A few months ago, I took your questions then at face value, probably a mistake. But, unlike some of the braggarts posting here, I have actually made mistakes. Some of them twice. So, here are your answers, everything I write is true.
I'm not on Twitter, Facebook or anything like that. The "@" is pretty common now when you are addressing somebody in an internet thread.
I know so much about Brinker, because I have been listening and subscribing for more than 20 years, and reading about him in some industry (both radio and publication) periodicals, too. At one point, he was the 800 lb. gorilla in the very competitive world of personality-driven personal finance and he earned that respect.
I have lurked your board for some months, and read the show transcripts. Getting Brinker's radio show is too unpredictable now, and downloading the KGO (now KSFO) .mp3s is a hassle and the frequent guest hosts are boring, not to mention the Frisco traffic, weather, commercials, etc. But your board and transcripts are good for me, because I like to know what Brinker is saying and I'm not up for MoneyTalk on demand.
I don't know anything about the posters on this board other than what they have revealed to me in this thread. Go back and read my posts, you will see. Dan G is a know-it-all bully who nitpicks, and pig is a troll; both very common types on internet boards, whether it is music, movies, politics, etc. I usually skip the comments, because there is a lot of inside stuff that doesn't mean anything to me. But sometimes I do notice the way Brinker is accused and demeaned and namecalled. I strongly disagree, and haven't seen anything to back up assertions made here that Brinker is a charlatan or a liar or a fraud.
Also, I saw you list Brinker's 'buy points' and wondered what your point was, as those were snapshots in time (9 of 11 are above water today). It seemed like you were demeaning him, as if he was wrong to make those calls. Brinker has also stated that "once the damage is done" to a portfolio, there is no sense selling at a loss. If he had issued a sell point, he also would have to issue a buy point to get back in; doubly risky. (see part 2)
2 of 2
@Honeybee,cont'd.
Brinker Jr.'s fixed income newsletter? So what? Bob said he was a consultant, so he knows what goes out. If it was horrible, it wouldn't be in business. But it isn't, it is "number one"! (Which can mean a lot of things, sales? subs? performance? demographics?)
I like Brinker and his show, that is why I found your blog in the first place by Google. I have learned a lot, found his 'reading list' to be great and educational, and his newsletter has been a good investment for me. Every year, subscribers have to actively pay again; so each subscriber is doing so willingly.

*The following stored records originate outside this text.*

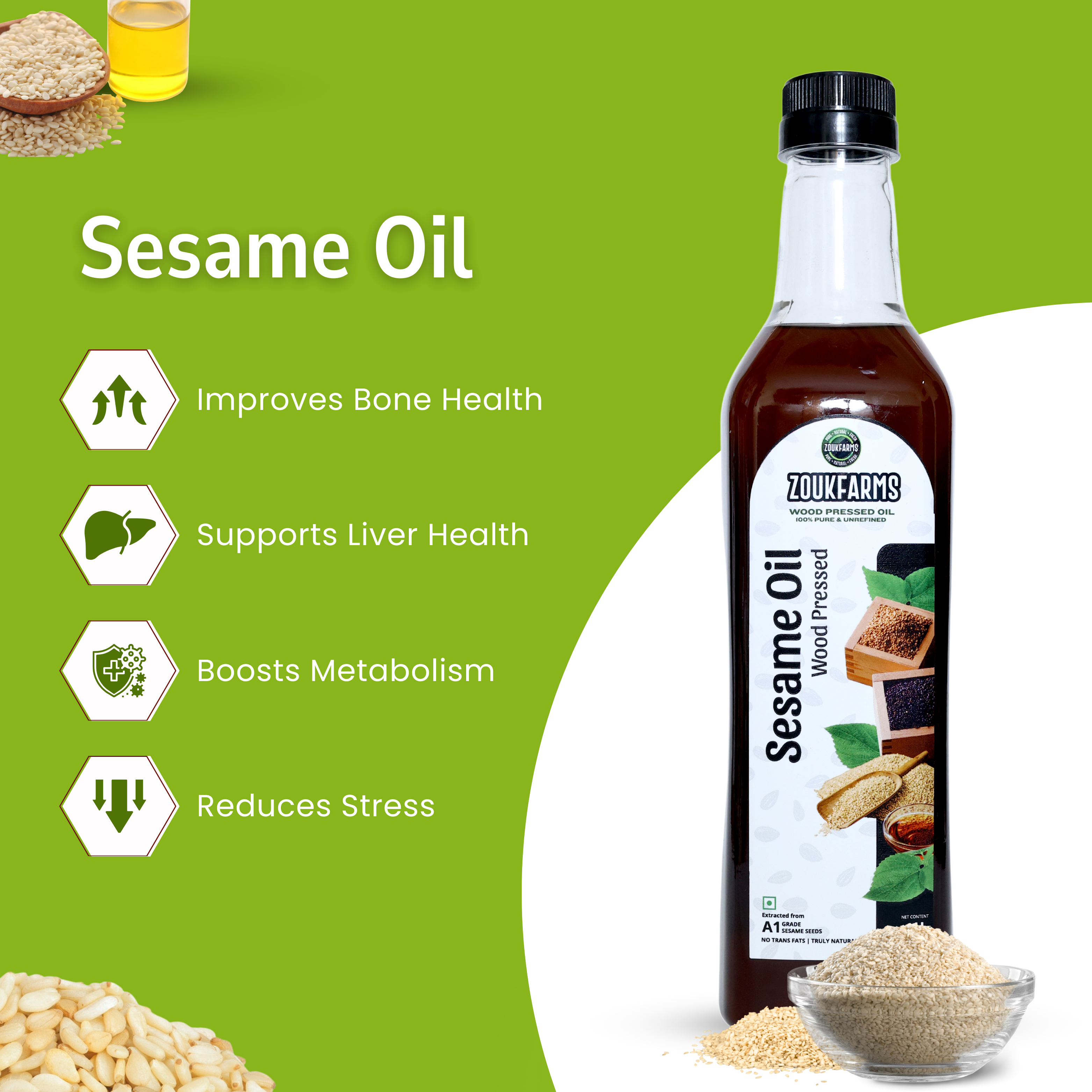 Experience the authentic richness of Zoukfarm Sesame Oil, crafted using a 5000-year-old traditional Kohlu (wood press) method to ensure unmatched purity and quality. Our process begins with hand-selected sesame seeds, which are cold-pressed in wooden press to maintain their natural nutrients, aroma, and flavor. This gentle extraction technique preserves the oil's integrity, resulting in a pure and unrefined product that enhances both flavor and wellness.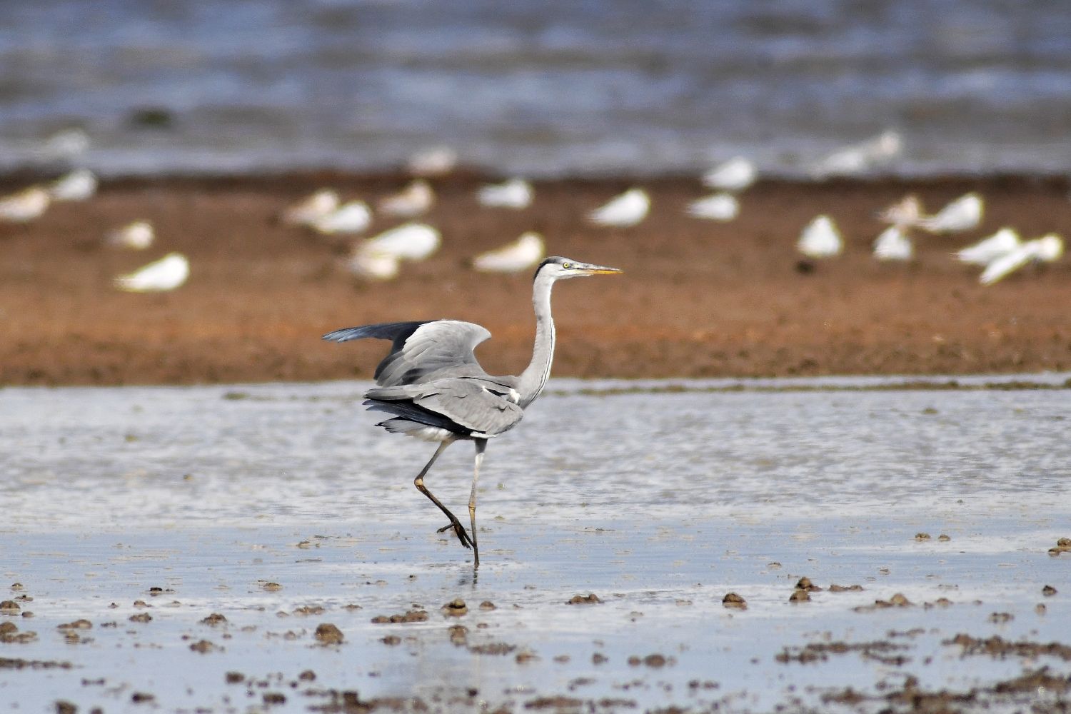 夏日时节,成群的黑嘴鸥、白鹭、青脚鹬等鸟类在青岛胶州湾国家级海洋公园(红岛段)滨海湿地觅食栖息、更换夏羽,在宁静的滩涂绘就了一幅美好的生态画卷。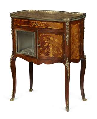 the shaped rectangular breche marble top with a three quarter pierced brass gallery over a single drawer above a pair of doors, one glazed and opening to a pale blue silk lined interior, the other with floral marquetry; raised on square cabriole legs with gilt metal mounts and sabots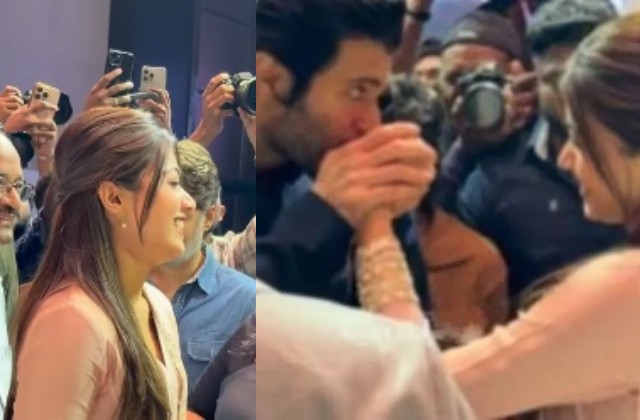 हाल ही में हैदराबाद में आयोजित रश्मिका मंदाना की फिल्म ‘द गर्लफ्रेंड’ के सक्सेस इवेंट में विजय देवरकोंडा का ऐसा अंदाज देखने को मिला जिसने सभी का ध्यान खींच लिया। इवेंट के दौरान विजय ने स्टेज पर रश्मिका को न सिर्फ सपोर्ट किया बल्कि उनके हाथों पर प्यार से किस भी किया। इस दौरान रश्मिका विजय की ओर देखकर शर्माती हुई नज़र आईं, जबकि वहां मौजूद फैंस इस रोमांटिक पल पर झूम उठे।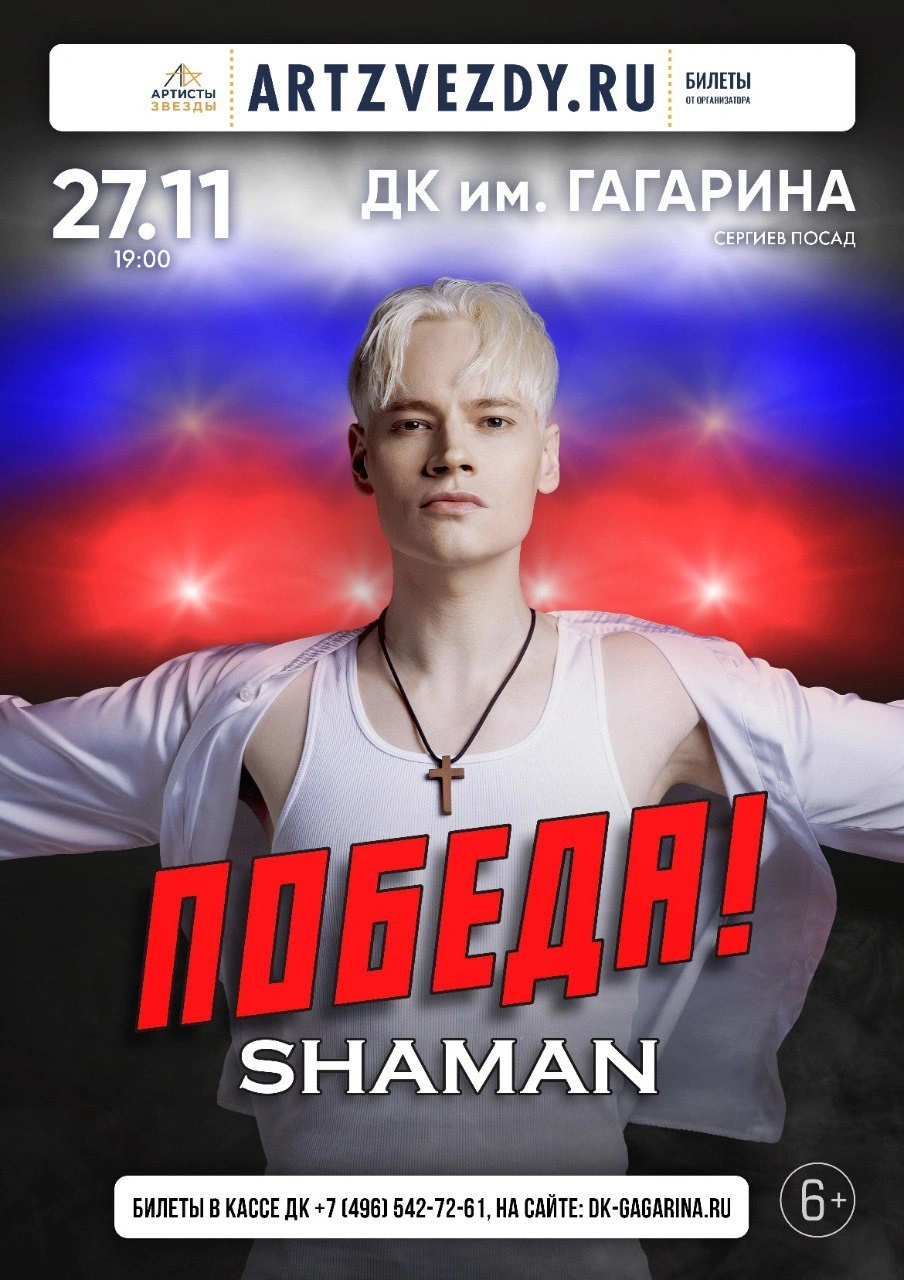 Заслуженный артист России и автор всенародно любимых хитов SHAMAN представляет грандиозную «Победу!». Так называется новая концертная программа знаменитого певца и большой гастрольный тур, в рамках которого уже запланировано свыше 100 выступлений в различных регионах России, включая города Новороссии. В новую концертную программу, премьера которой состоялась на Красной площади в День российского флага, вошли свежие песни, специально написанные музыкантом для «Победы!», и золотые хиты — «Встанем», «Я русский», «Моя Россия» и другие, уже полюбившиеся миллионам россиян композиции. SHAMAN уверен — «Победа!» станет судьбоносным событием, способным изменить ход истории: «Я хочу вдохновить всю Россию, всех — и в тылу, и на передовой. Мы поедем за ленточку, в зону СВО, к нашим бойцам, к нашим героям. Мы объедем всю нашу необъятную страну. Сделаем всё для победы, а победу — ещё ближе!».Стоимость билета: 3 000₽ — 10 000₽
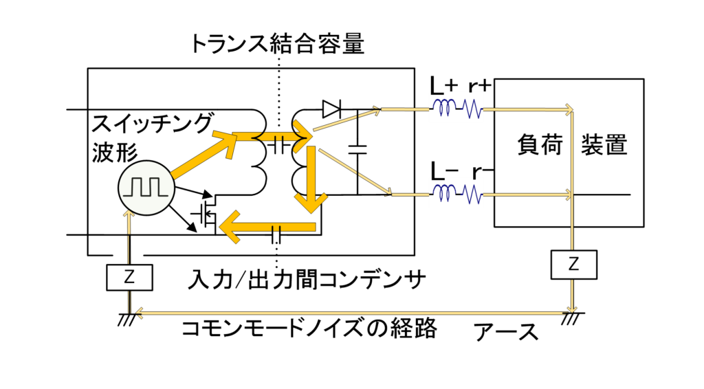 但し、実際のコンバータではトランスの1次/2次間結合容量(数十~数百pF)を通して外来ノイズが伝搬します (図2細い矢印)。
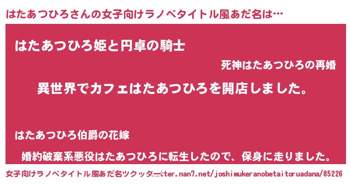 | 男性向けラノベタイトル風あだ名 | 『誰もが恐れるあのはたあつひろが、ぼくの専属メイドになるようです。』 |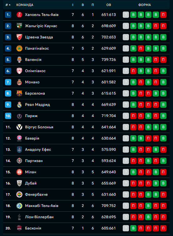 Действующих чемпионов Евролиги по-прежнему лихорадит, поэтому они с рекордом 3/5 находятся аж на 17 месте в таблице.

Of course Brinker puts the best face on his record, his show, and newsletter. I don't know what you and other posters are expecting; that Brinker will come out and say "I was wrong" or "I'm sorry"? This is as much art as science, and things change; Brinker goes with what he knows at the time. It does not seem fair to hold him to a call he made five years ago, when since that time hundreds of banks have failed, investment houses have failed, corporations required a bailout, unemployment skyrocketed past 10% and is still brutal, S&P and Moody's rating services were bought-and-paid-for, junk bonds and subprime mortgages cratered, the Fed printing $700b out of think air for what?,etc. Who knew all this in 2007? Brinker finds this stuff out when it hits the news, and when a political act happens unexpectedly (healthcare "reform" passed by one vote), Arab spring impacts oil, etc.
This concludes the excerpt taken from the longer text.